The night was intensely dark when Sir Norman got into it once more; and

to any one else would have been intensely dismal, but to Sir Norman all

was bright as the fair hills of Beulah. When all is bright within, we

see no darkness without; and just at that moment our young knight had

got into one of those green and golden glimpses of sunshine that here

and there checker life's rather dark pathway, and with Leoline beside

him would have thought the dreary whores of the Dead Sea itself a very

paradise.

It was now near midnight, and there was an unusual concourse of people

in the sheets, waiting for St. Paul's to give the signal to light the

fires. He looked around for Ormiston; but Ormiston was nowhere to be

seen--horse and rider had disappeared. His own horse stood tethered

where he had left him. Anxious as he was to ride back to the ruin, and

see the play played out, he could not resist the temptation of lingering

a brief period in the city, to behold the grand spectacle of the myriad

fires. Many persons were hurrying toward St. Paul's to witness it from

the dome; and consigning his horse to the care of the sentinel on guard

at the house opposite, he joined them, and was soon striding along, at

a tremendous pace, toward the great cathedral. Ere he reached it, its

long-tongued clock tolled twelve, and all the other churches, one after

another, took up the sound, and the witching hour of midnight rang and

rerang from end to end of London town. As if by magic, a thousand forked

tongues of fire shot up at once into the blind, black night, turning

almost in an instant the darkened face of the heavens to an inflamed,

glowing red. Great fires were blazing around the cathedral when they

reached it, but no one stopped to notice them, but only hurried on the

faster to gain their point of observation.

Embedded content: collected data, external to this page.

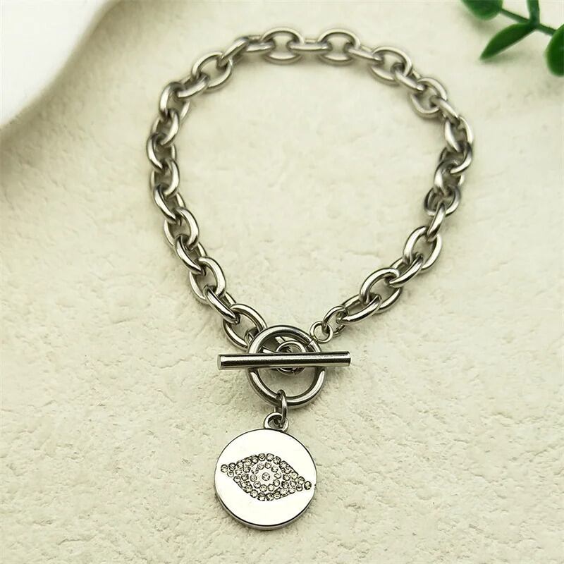 チャーム ペンダント ブレスレット ラインストーン クリスタル ステンレス ゴールド チェーン レディース メンズ 悪 エビル 目 アイズ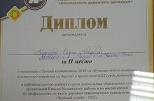 Воспитатель нашего детского сада Ольга Будилова заняла 2 место в конкурсе "Лучший воспитатель ДОО по обучению детей ПДД на дорогах и пропоганде БДД среди родителей". Поздравляем Вас, Ольга Евгеньевна, желаем дальнейших побед!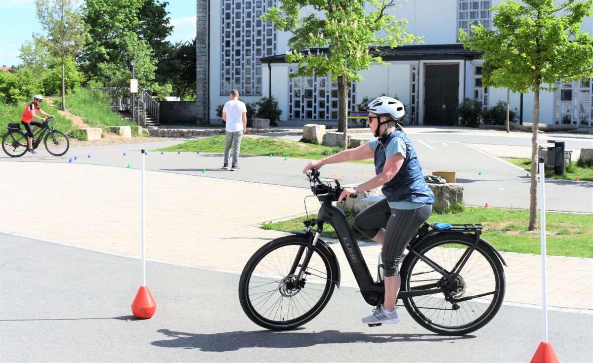 Danach waren die Senioren dran, die zuerst einen Ball in Empfang nehmen mussten, um ihn dann in einen bereitgestellten Behälter zu werfen. “Damit wird das Fahren mit nur einer Hand am Lenker geübt”, so Stopfer. Wichtig war aber auch der Umgang mit dem Pedelec selbst und das Handzeichen geben.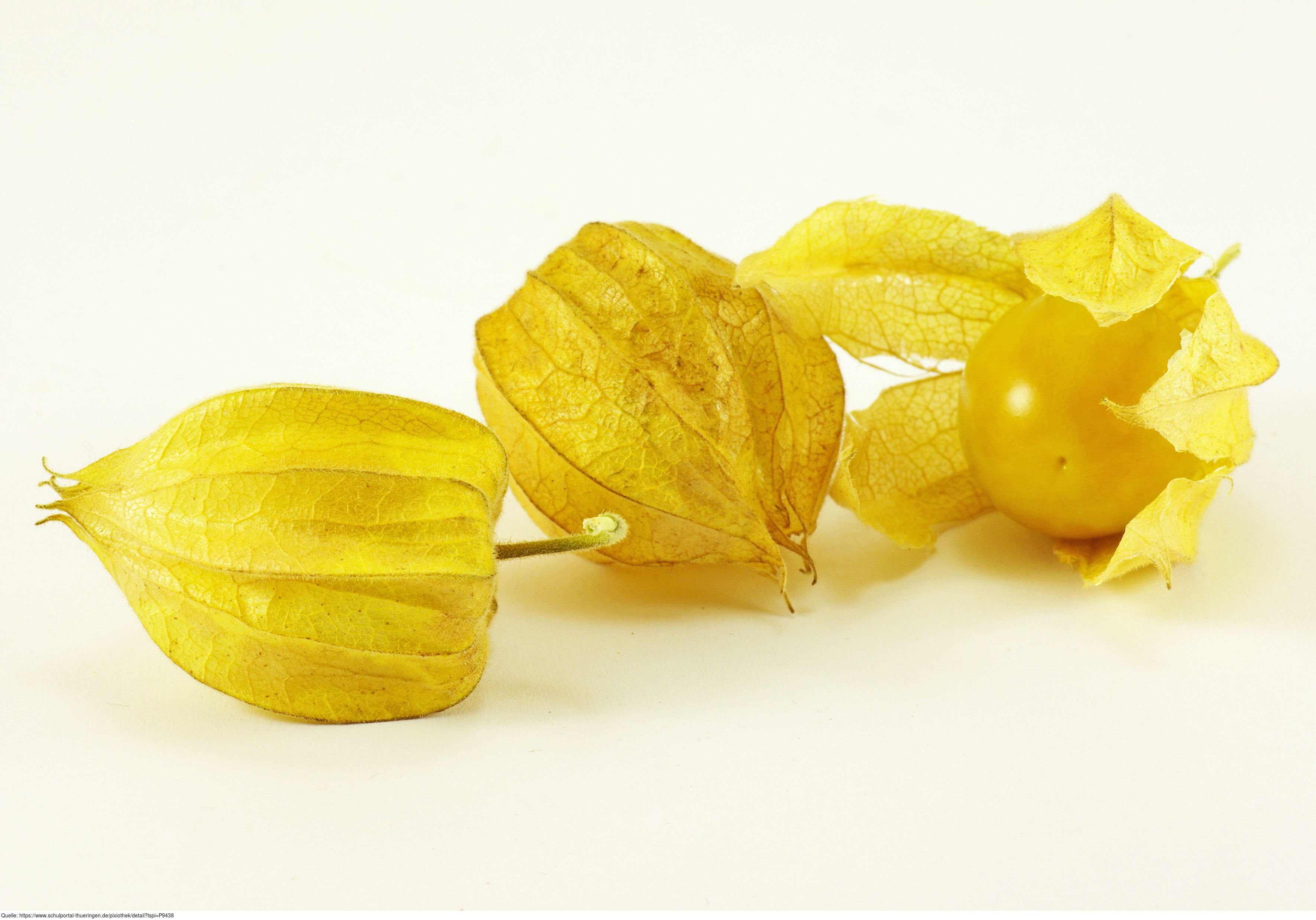 Das Foto gehört zur Serie "Obst". Es zeigt eine Kapstachelbeere (Physalis peruviana), auch Andenbeere, Andenkirsche und Peruanische Blasenkirsche genannt. Das Bild ist unter CC0 lizenziert und kann somit frei verwendet werden.
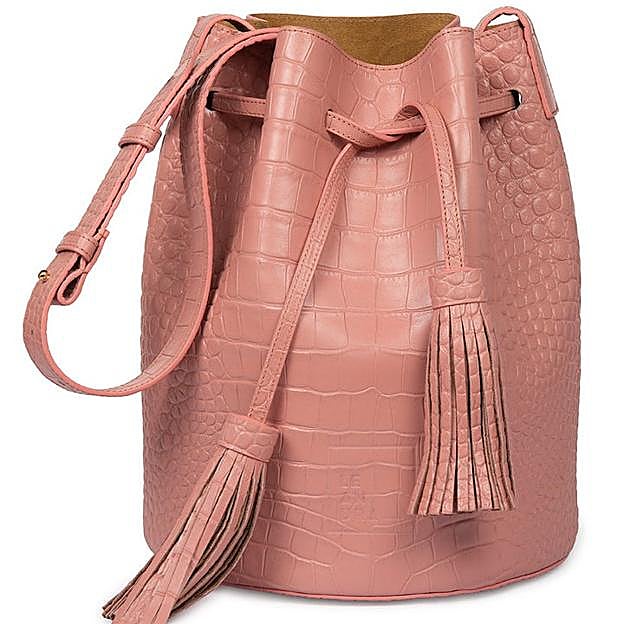 Bucket bag de Leandra Bags. Funcional y elegante, el complemento imprescindible en tu armario, es un bolso tipo saco que lo tiene todo para que tu look sea simplemente perfecto. Su borla bicolor aportará movimiento y estilo a tu outfit. Es un bolso tipo saco de piel grabado en coco 100% made in Spain. Precio: 290 euros.

Sir Norman just glanced at the magnificent pile--for the old St. Paul's

was even more magnificent than the new,--and then followed after the

rest, through many a gallery, tower, and spiral staircase till the dome

was reached. And there a grand and mighty spectacle was before him--the

whole of London swaying and heaving in one great sea of fire. From one

end to the other, the city seemed wrapped in sheets of flame, and every

street, and alley, and lane within it shone in a lurid radiance far

brighter than noonday. All along the river fires were gleaming, too; and

the whole sky had turned from black to blood-red crimson. The streets

were alive and swarming--it could scarcely be believed that the

plague-infested city contained half so many people, and all were

unusually hopeful and animated; for it was popularly believed that these

fires would effectually check the pestilence. But the angry fiat of a

Mighty Judge had gone forth, and the tremendous arm of the destroying

angel was not to be stopped by the puny hand of man.